Some sent him naked pictures of themselves, others were coerced into going further.
Suttle eventually had sex with four of the seven victims, talking each of them into allowing him to film the acts on his mobile phone.
(The intercourse was never forced, but each of the girls was unable to legally consent to the sex because they were underage).
He even paid one of the girls in cash, alcohol and cigarettes to send him naked pictures of herself and perform sex acts on him.
Suttle was arrested in February 2018 after one of the girls reported his depraved behaviour to her parents, then police.
He was charged and released on bail, however re-arrested two months later after breaching his bail by using social media. By this time, police had also discovered videos of the other victims on his phone.
He was charged with 86 offences in total, but admitted to 45 of them in a plea bargain struck with the Director of Public Prosecutions. He will formally be sentenced on 23 charges, with the remaining 22 to be taken into account to determine the objective seriousness at sentencing. The other 41 charges were withdrawn.

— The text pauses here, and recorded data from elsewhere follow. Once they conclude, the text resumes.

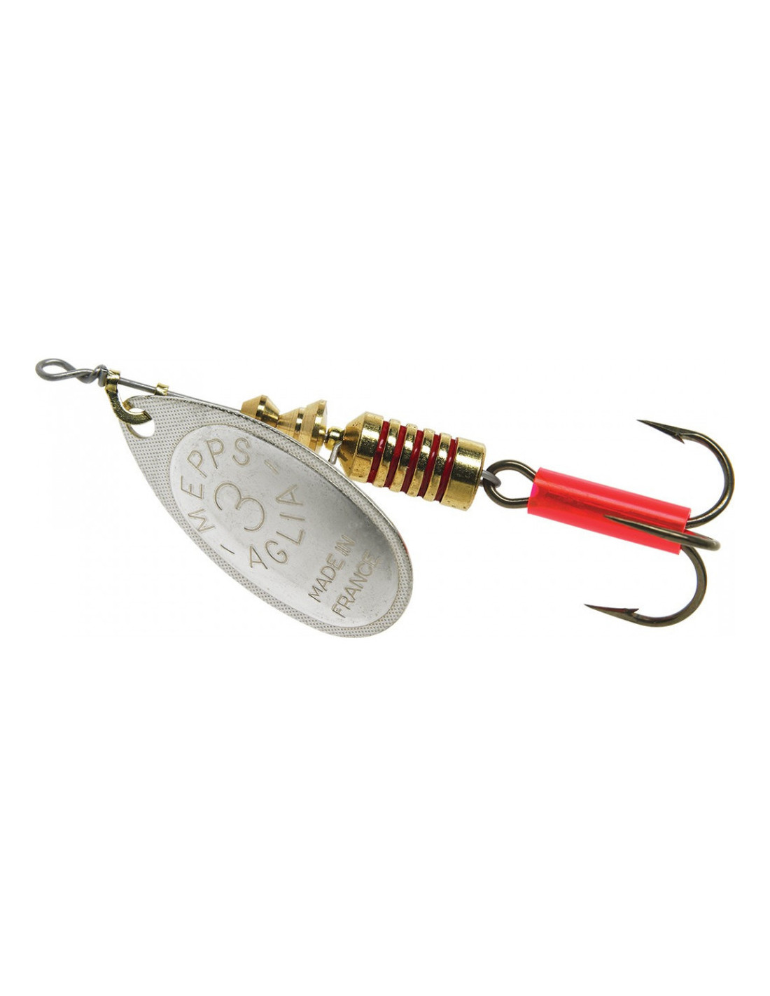 Cucharilla Mepps Aglia disponible en cinco tamaños y con variedad de colores. Anzuelo triple y con muerte.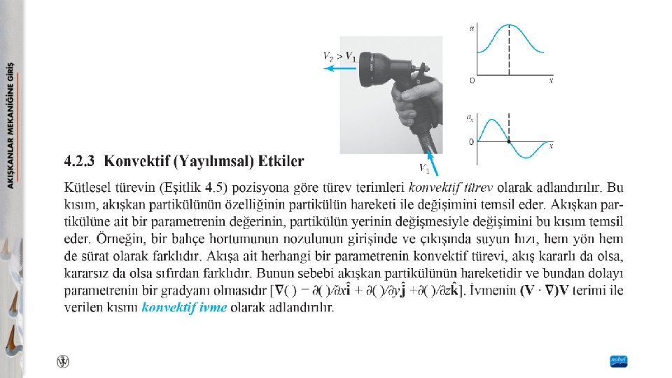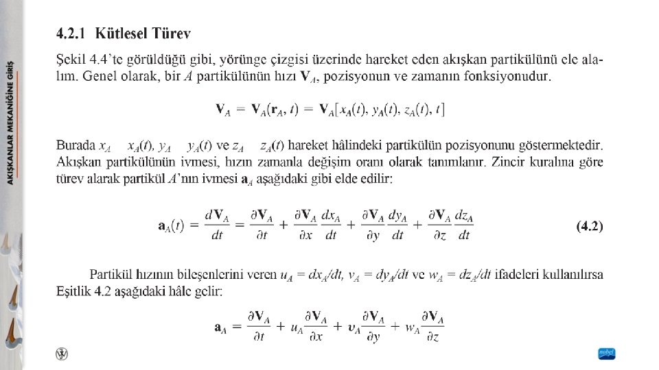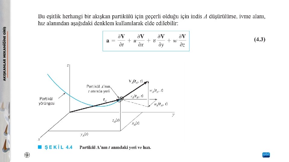 İvme Alanı Newton’un ikici kanununu (F = ma) uygulayabilmek için akışkan partikülünün ivmesinin uygun bir şekilde ifade edilmesi gerekir. Akışkanlar mekaniğinde çok az kullanılan Lagrangian metodunda, her bir akışkan partikülünün ivmesi katı cisim dinamiğinde olduğu gibi, a = a(t) olarak tanımlanır. Eulerian metodunda, ivme alanı zamanın ve pozisyonun fonksiyonu olarak tanımlanır. Bu tanımlamada herhangi bir akışkan partikülü takip edilmez. Bu yaklaşım, her bir partikülün hızını tanımlamak yerine hız alanının V = V(x, y, z, t) ile tanımlanmasına benzer.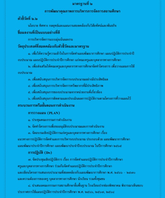 ข่าวประชาสัมพันธ์ งานประกันคุณภาพการศึกษา Best Practice ตัวชี้วัดที่ 2.2 การบริหารจัดการแบบมุ่งเน้นผลงาน 6 มกราคม 2568 jiraporn supada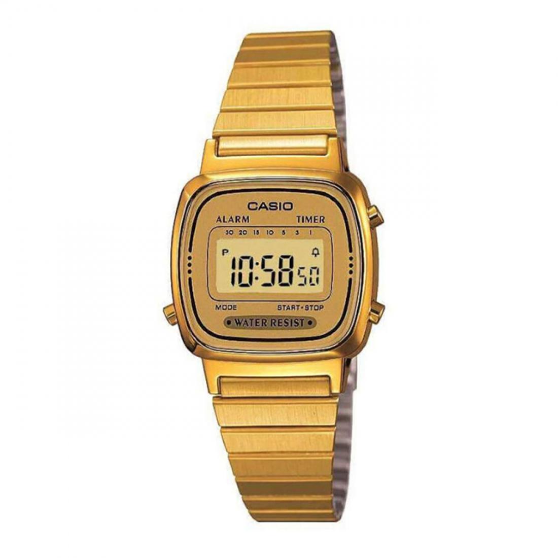 Casio Vintage LA670WEGA-9EF je ženski digitalni sat koji se ističe elegantnim i vintage dizajnom. Zlatno kućište i metalna narukvica pružaju mu sofisticiran izgled, čineći ga sjajnim modnim dodatkom. Digitalni prikaz omogućava jednostavno čitanje vremena, a različite funkcije poput alarma, kalendara i stoperice čine ga praktičnim i funkcionalnim. Ovaj sat ima klasičan izgled s modernim dodirima, što ga čini savršenim za žene koje vole spoj retro stila i suvremene funkcionalnosti. Kopča na narukvici osigurava udobno nošenje, čineći ovaj Casio sat idealnim za svakodnevnu upotrebu.

Included in the charges are four counts of using a child aged 14 to 18 for child prostitution. The charges carried a maximum jail term of 10 years.
'He broke me'
Three of Suttle's victims provided statements to Wollongong District Court on Wednesday detailing the impact his actions had had on them.
"To this day I feel ashamed about myself," one of the teens wrote.

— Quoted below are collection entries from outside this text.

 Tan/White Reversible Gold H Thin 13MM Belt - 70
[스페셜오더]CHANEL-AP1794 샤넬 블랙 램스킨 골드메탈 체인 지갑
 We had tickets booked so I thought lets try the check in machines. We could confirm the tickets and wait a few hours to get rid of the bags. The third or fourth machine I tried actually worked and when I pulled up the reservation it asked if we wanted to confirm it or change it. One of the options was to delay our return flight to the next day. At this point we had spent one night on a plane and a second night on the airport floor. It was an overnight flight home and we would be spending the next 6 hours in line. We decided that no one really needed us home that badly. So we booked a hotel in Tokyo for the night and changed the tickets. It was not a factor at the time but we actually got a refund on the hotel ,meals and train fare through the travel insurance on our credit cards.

"I had never done anything sexual with a guy and the first time I was going to I wanted it to be special.
"He fed me with lies and manipulated me, he did stuff I didn't even expect he would do. He broke me as a person."
The second girl told the court she still carried an "insidious" feeling with her on a daily basis.
"I remember the way my body hurt during and after our encounters," she said.
"I remember the overwhelming feeling of guilt, confusion and self-loathing, and just not being able to fully comprehend what was going on.
"Looking back, I was too young to understand what I was doing, I was young and naiive and you knew that - you took advantage of that."
The third teen revealed she had been scared when her parents found out what had happened.
"The first they knew about it was from the police. I felt I had let them down," she said.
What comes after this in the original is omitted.